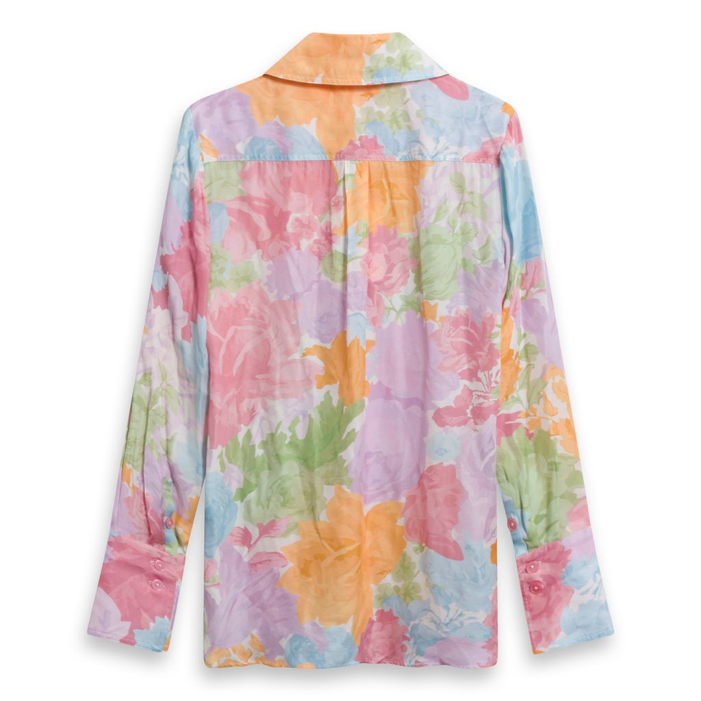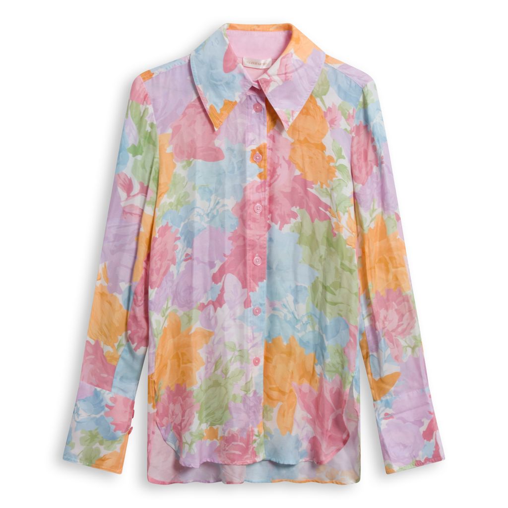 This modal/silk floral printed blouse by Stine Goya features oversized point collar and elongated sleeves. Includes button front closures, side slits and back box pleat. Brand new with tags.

==

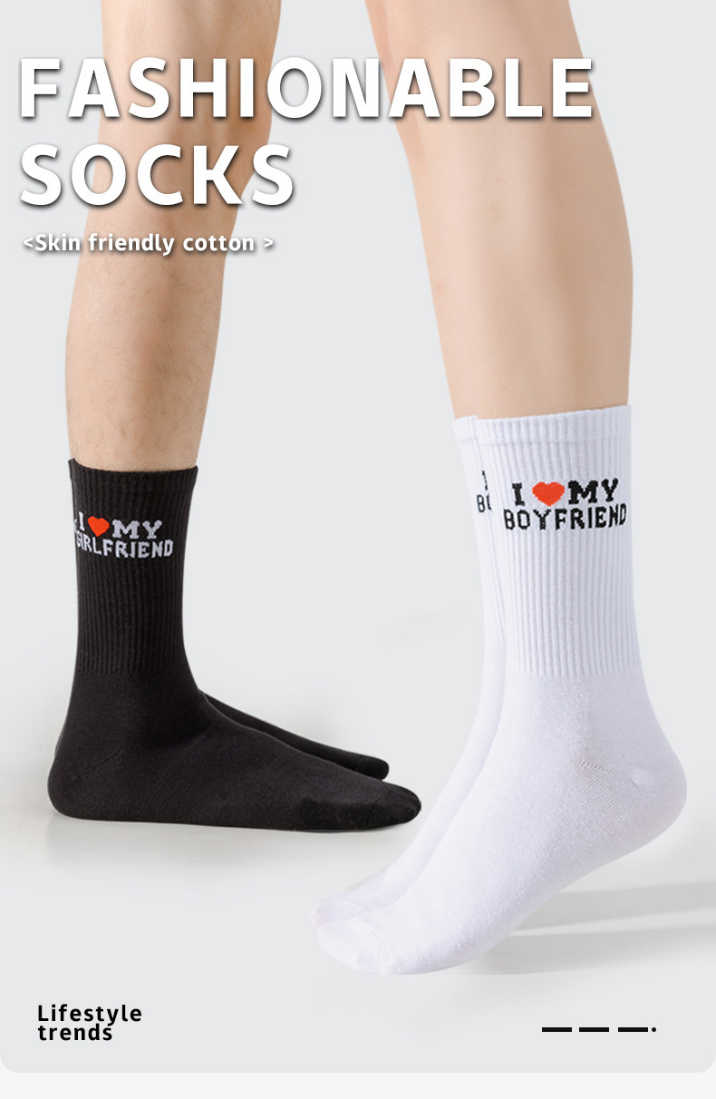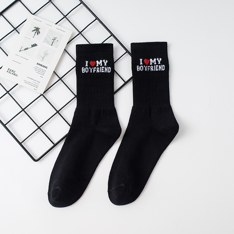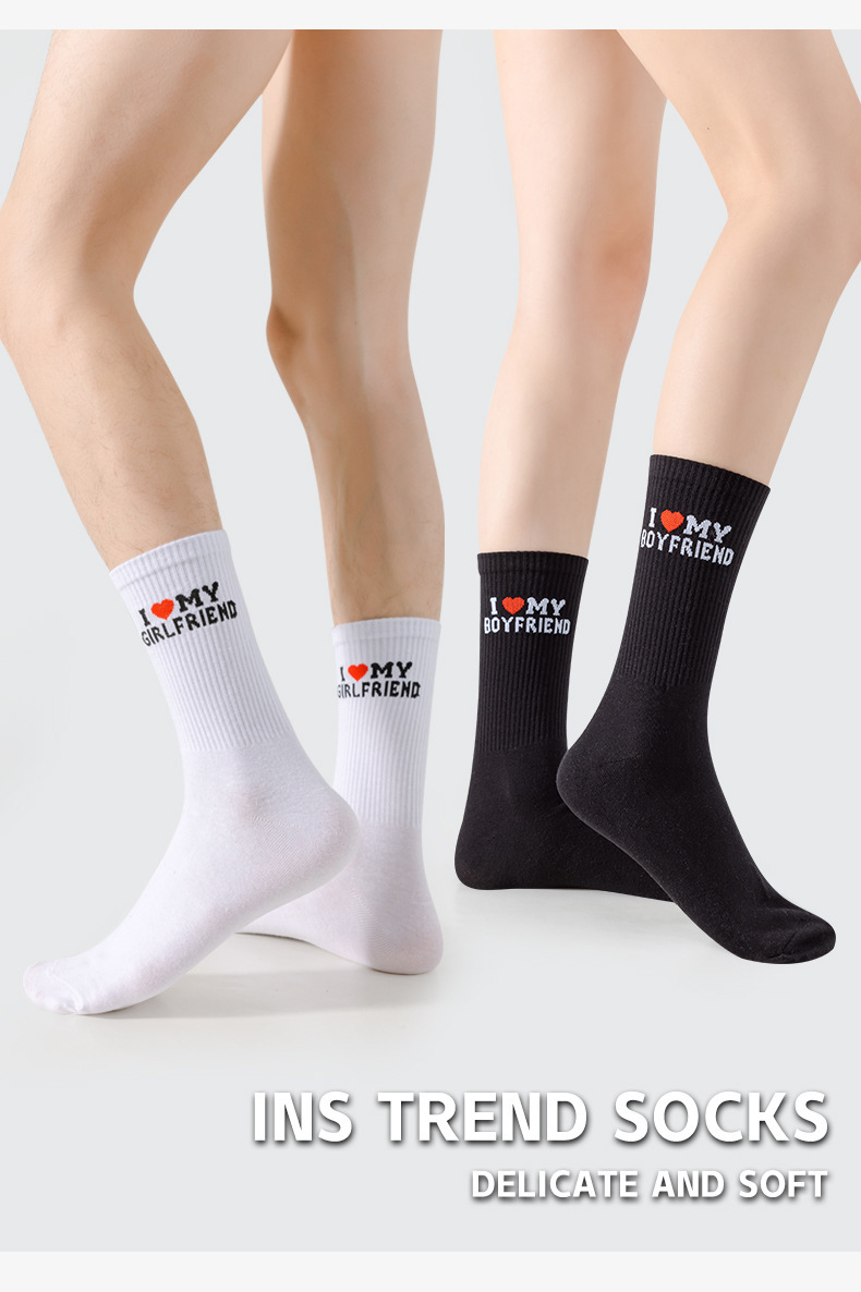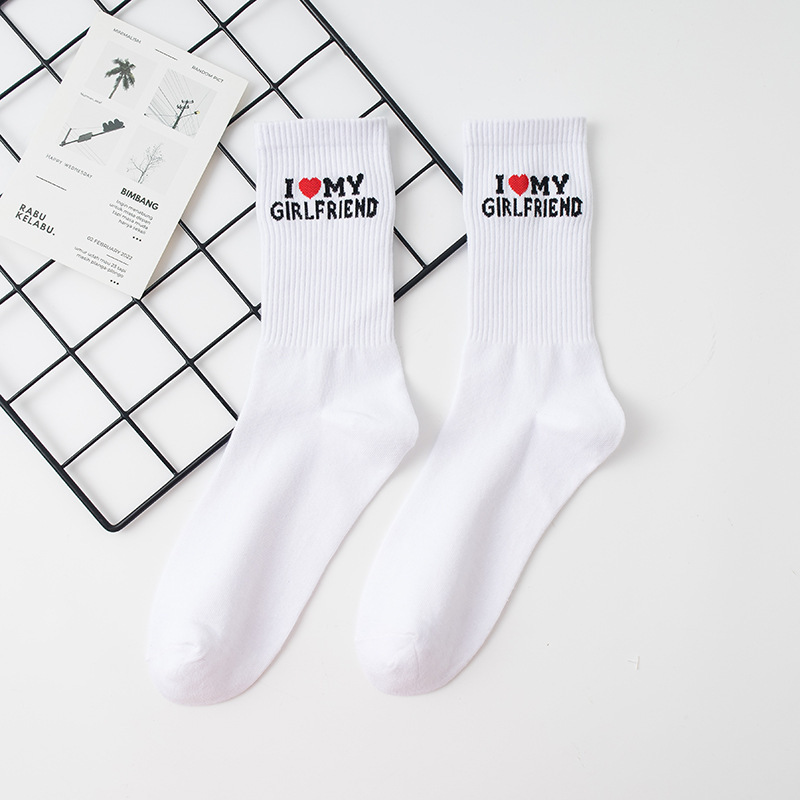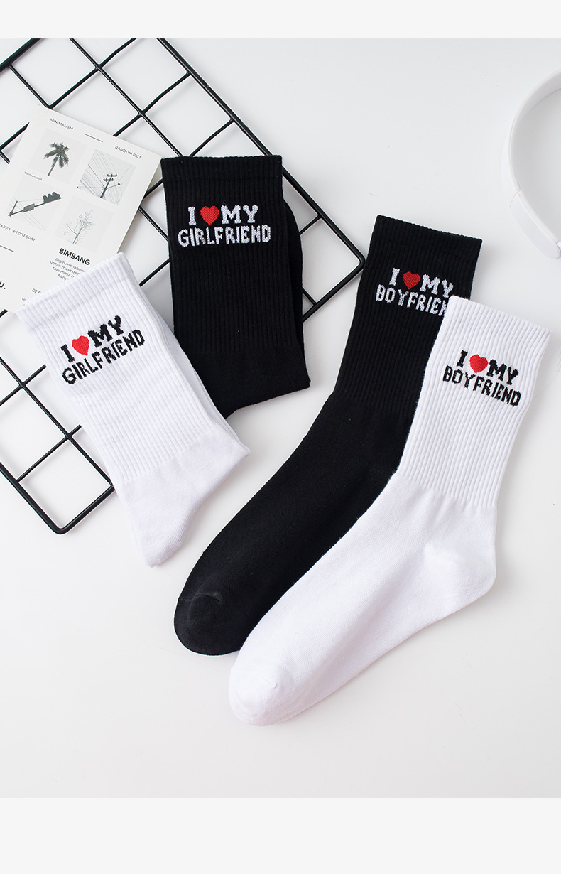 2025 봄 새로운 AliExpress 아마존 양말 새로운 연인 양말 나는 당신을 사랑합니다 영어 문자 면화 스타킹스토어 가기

==

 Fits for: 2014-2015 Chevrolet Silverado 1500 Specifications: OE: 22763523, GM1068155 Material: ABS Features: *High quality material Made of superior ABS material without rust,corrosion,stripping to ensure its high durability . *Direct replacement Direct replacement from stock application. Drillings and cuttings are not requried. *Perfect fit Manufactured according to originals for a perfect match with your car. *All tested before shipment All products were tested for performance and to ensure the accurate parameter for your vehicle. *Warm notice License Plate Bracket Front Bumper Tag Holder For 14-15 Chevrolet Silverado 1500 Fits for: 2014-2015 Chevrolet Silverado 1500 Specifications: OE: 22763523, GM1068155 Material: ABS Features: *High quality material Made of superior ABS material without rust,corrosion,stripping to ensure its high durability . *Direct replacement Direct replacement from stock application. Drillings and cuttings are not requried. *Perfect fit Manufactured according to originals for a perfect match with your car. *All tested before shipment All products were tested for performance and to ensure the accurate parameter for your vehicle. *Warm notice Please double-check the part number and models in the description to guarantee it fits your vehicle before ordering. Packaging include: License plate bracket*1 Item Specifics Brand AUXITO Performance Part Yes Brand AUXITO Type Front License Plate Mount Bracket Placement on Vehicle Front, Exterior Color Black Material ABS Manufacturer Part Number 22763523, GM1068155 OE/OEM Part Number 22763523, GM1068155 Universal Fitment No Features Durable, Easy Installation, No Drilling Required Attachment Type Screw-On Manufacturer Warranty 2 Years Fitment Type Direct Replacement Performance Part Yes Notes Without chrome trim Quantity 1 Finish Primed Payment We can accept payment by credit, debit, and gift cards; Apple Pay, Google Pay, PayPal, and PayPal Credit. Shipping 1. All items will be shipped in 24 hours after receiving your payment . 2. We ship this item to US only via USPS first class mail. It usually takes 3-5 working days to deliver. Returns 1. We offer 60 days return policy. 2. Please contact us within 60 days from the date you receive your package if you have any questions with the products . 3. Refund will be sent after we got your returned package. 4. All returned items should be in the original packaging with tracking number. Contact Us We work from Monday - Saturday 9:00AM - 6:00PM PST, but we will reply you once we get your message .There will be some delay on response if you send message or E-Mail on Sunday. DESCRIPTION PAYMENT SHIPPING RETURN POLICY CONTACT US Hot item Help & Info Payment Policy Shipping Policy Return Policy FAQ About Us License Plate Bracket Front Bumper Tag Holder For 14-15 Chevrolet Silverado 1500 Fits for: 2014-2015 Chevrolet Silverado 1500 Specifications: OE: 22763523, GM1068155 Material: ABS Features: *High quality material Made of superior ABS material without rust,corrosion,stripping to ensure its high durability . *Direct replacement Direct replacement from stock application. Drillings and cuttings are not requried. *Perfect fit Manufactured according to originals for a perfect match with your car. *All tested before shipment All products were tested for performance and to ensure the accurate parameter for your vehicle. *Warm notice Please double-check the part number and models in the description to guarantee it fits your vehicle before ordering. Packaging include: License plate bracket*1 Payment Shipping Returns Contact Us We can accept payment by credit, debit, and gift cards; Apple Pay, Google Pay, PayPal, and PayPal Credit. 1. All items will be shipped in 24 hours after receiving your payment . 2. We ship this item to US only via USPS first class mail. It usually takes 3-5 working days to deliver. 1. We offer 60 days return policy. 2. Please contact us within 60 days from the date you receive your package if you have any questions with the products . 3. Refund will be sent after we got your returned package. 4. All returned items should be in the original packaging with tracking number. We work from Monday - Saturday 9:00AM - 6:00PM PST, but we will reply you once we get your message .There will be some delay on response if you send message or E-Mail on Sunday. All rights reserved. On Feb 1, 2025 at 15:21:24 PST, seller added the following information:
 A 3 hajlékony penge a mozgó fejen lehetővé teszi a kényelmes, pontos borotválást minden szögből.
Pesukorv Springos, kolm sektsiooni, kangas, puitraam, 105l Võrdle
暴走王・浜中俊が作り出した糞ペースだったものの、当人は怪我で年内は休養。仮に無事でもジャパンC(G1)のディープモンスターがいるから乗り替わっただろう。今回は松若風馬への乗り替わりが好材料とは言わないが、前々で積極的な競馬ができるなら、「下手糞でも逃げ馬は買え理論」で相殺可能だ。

REQUIRED ACTION: Both end lines included, restate word for word the lines above from the line with "A 3 hajlékony" to the line with "暴走王・浜中俊が作り出した糞", and nothing else.

REPLY:
 A 3 hajlékony penge a mozgó fejen lehetővé teszi a kényelmes, pontos borotválást minden szögből.
Pesukorv Springos, kolm sektsiooni, kangas, puitraam, 105l Võrdle
暴走王・浜中俊が作り出した糞ペースだったものの、当人は怪我で年内は休養。仮に無事でもジャパンC(G1)のディープモンスターがいるから乗り替わっただろう。今回は松若風馬への乗り替わりが好材料とは言わないが、前々で積極的な競馬ができるなら、「下手糞でも逃げ馬は買え理論」で相殺可能だ。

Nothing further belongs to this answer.